Fig 10 shows the overlap between the contact and the homology models. Two trRosetta models differ significantly from the homology models: Phage_fiber_2 (PF03406) where the template as a partially disordered extended structure while the trRosetta model is packed and DUF4116 (PF13475) in which the trRosetta model is folded as an α-solenoid while the homology model in a longer helical bundle.

Comparison between the contact-based model and homology modelling.
Fig 10

Comparison between the contact-based model and homology modelling.

The superposition between the contact-based model (red) and the homology model (blue) and respective TM-score.

Other 36 families do not have suitable templates, and, therefore, we cannot compare their trRosetta models with a homology-based model. However, the quality assessment shows high scores for the vast majority of the models.

Here we describe a few interesting models in more details, and all the models are available at https://figshare.com/articles/dataset/Repeats_Proteins_contact_prediction_based_modelling_datasets/9995618. We do encourage others to investigate the other models in details.

SPW family (PF03779)

According to the PFAM database [29], the SPW family is present in Bacteria and Archaea, and each protein consists of one or two repeat units. Some members also contain an additional domain, either a Vitamin K epoxide reductase (PF07884) or a NAD-dependent epimerase/dehydratase (PF01370). Each repeat unit is formed by two transmembrane alpha-helices and is characterised by an SPW motif [30]. According to our model, the repeated motif is buried in the membrane symmetrically located close to the extracellular side, Fig 11B. PFAM architectures show many proteins with only a single SPW motif however a more careful analysis of these sequences shows that in many cases they contain a second degenerate SPW unit with the proline residue conserved (S4 Fig).

Selected models.
Fig 11

Selected models.

The different protein units are coloured in red and blue. a) SPW, b) SPW in red the “SPW” motif c) Curlin d) UCH-protein are shown and e) Xin repeat.
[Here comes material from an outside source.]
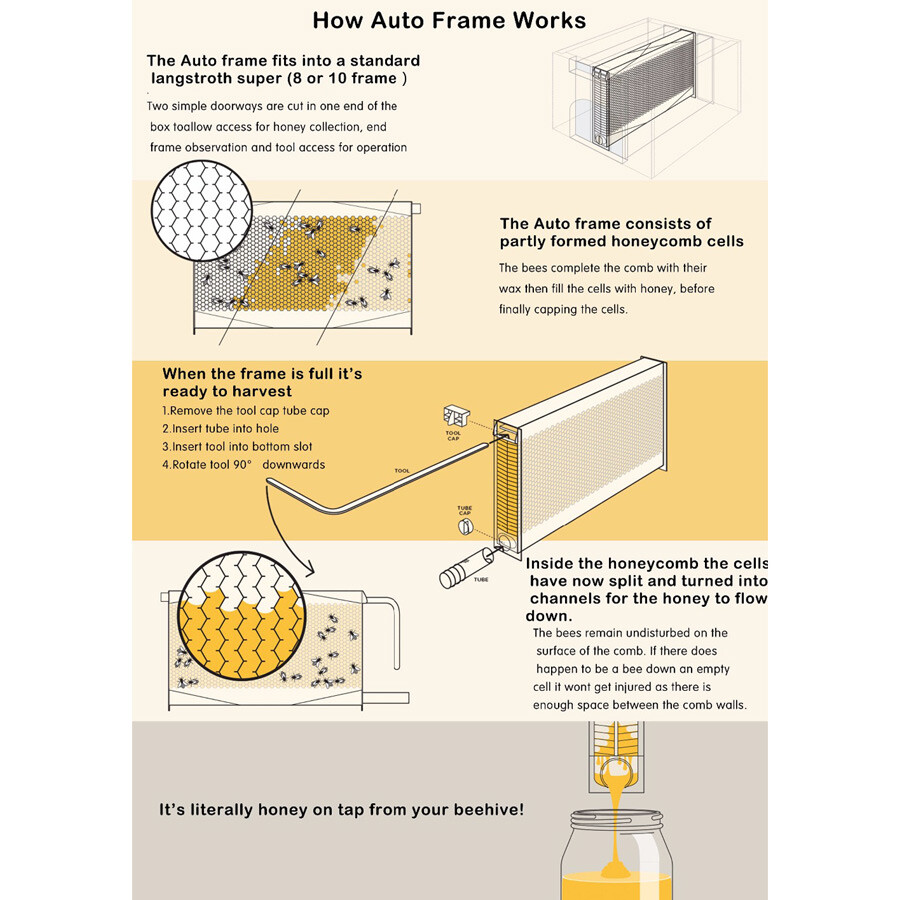 - High quality, food-grade, safe and environmentally friendly. You can shorten the frames to suit any hive. Potentially more honey can be harvested. About three kilos honey per frame can produce.

The Tryptophan is on the outer side of the protein, facing the bilayer, while the proline is on the inner side of the protein, promoting the formation of a kink in the transmembrane helix [31]. The protein contains a ser-pro motif, rare among TM-proteins and most likely increases the bending effect of proline significantly due to their hydrogen bond pattern [32].

Curlin repeats family (PF07012)

Here, the trRosetta model has a higher predicted TM score (Table 1) and agrees better with information from the available literature [37]. Curlin is predicted to have a β-solenoid structure, see Fig 11C. DeBenedictis et al. presented ab-initio models for two members of the Curlin repeat family, CsgA and CsgB [37]. The structure of their best models is visually in agreement with our model (a direct comparison is difficult as the coordinates are not available for their models). Our model is also in agreement with the partial structure of the repeat units of CsgA published by Perov et al. [38]. This model contains two parallel β-sheets with individual units situated perpendicular to the fibril axis (corresponding PDB IDs are 6G8C, 6G8D, 6G8E).

UCH-protein (PF13446)

Our model (Fig 11D) suggests that this repeat region is a Class V.1 ɑ-beads, with four helical domains separated by a flexible linker.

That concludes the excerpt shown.